**Information given**
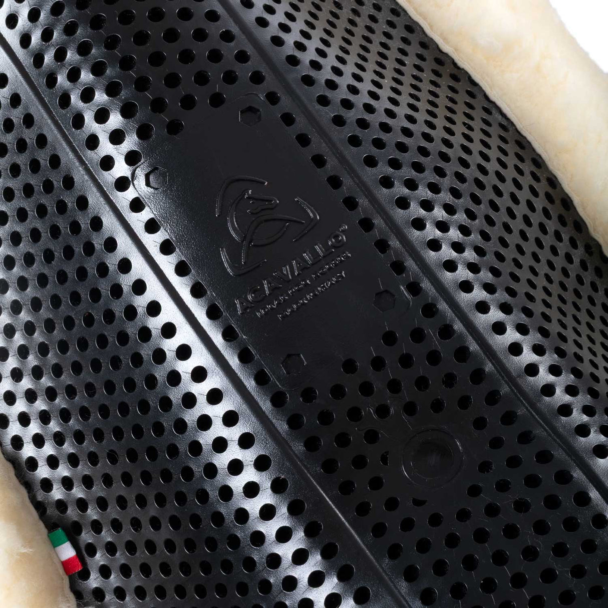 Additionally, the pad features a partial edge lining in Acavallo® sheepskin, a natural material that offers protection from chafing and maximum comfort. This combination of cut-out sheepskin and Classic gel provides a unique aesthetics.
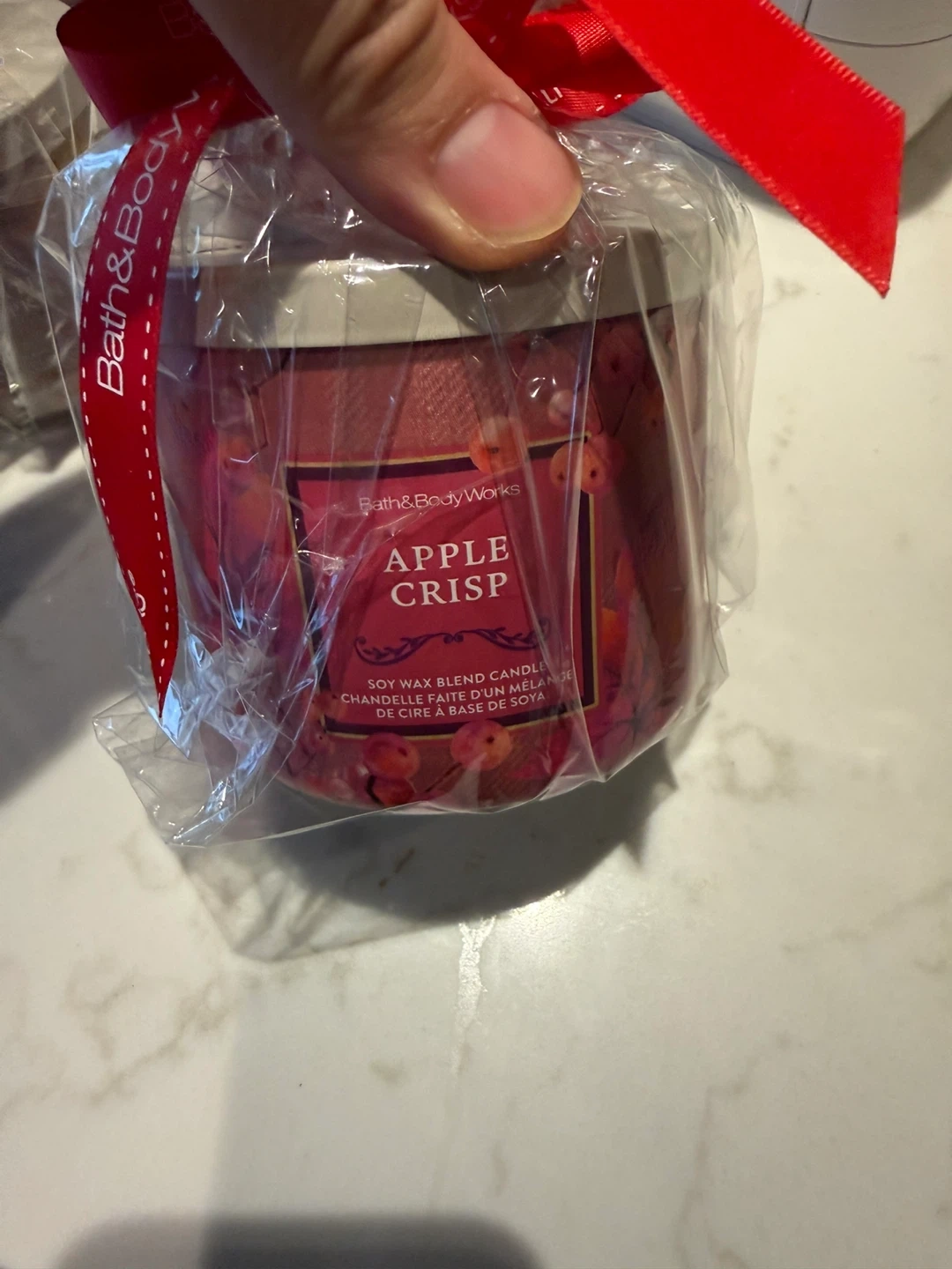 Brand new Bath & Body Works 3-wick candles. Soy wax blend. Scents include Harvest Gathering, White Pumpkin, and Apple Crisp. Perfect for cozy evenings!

* * *

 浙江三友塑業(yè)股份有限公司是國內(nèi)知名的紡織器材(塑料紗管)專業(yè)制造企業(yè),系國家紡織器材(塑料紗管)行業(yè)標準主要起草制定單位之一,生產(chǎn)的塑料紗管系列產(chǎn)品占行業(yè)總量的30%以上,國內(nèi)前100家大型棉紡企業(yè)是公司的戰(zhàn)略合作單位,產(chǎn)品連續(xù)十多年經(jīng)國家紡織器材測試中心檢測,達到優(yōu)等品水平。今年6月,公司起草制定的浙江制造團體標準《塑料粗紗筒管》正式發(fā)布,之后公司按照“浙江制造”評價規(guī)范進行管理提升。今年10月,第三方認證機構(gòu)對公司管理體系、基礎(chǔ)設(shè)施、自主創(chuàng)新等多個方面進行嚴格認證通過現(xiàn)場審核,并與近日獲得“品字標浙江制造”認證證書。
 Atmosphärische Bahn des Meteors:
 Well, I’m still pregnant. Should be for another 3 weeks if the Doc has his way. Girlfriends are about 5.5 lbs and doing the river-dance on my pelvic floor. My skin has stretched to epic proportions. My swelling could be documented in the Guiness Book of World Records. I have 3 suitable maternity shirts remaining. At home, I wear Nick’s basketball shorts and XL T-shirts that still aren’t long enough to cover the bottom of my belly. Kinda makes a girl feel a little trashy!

==

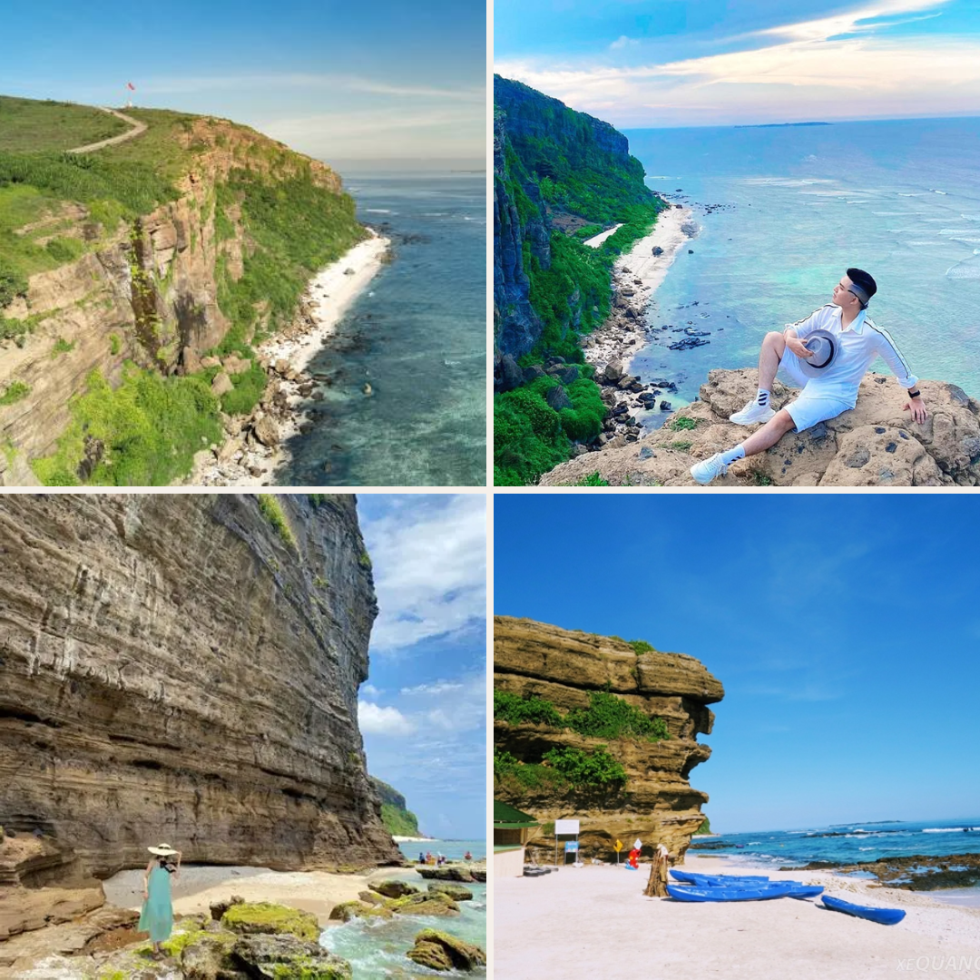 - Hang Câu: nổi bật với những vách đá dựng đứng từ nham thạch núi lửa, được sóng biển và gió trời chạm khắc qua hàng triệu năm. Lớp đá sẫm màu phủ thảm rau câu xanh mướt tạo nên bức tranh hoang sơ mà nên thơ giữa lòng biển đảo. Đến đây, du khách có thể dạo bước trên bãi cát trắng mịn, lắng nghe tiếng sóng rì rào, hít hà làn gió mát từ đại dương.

**Task brief**
Reproduce the records above exactly, but only from the line with "Additionally, the pad" up to and including the line with "Brand new Bath". Leave the pictures out.

**Task response**
 Additionally, the pad features a partial edge lining in Acavallo® sheepskin, a natural material that offers protection from chafing and maximum comfort. This combination of cut-out sheepskin and Classic gel provides a unique aesthetics.
 Brand new Bath & Body Works 3-wick candles. Soy wax blend. Scents include Harvest Gathering, White Pumpkin, and Apple Crisp. Perfect for cozy evenings!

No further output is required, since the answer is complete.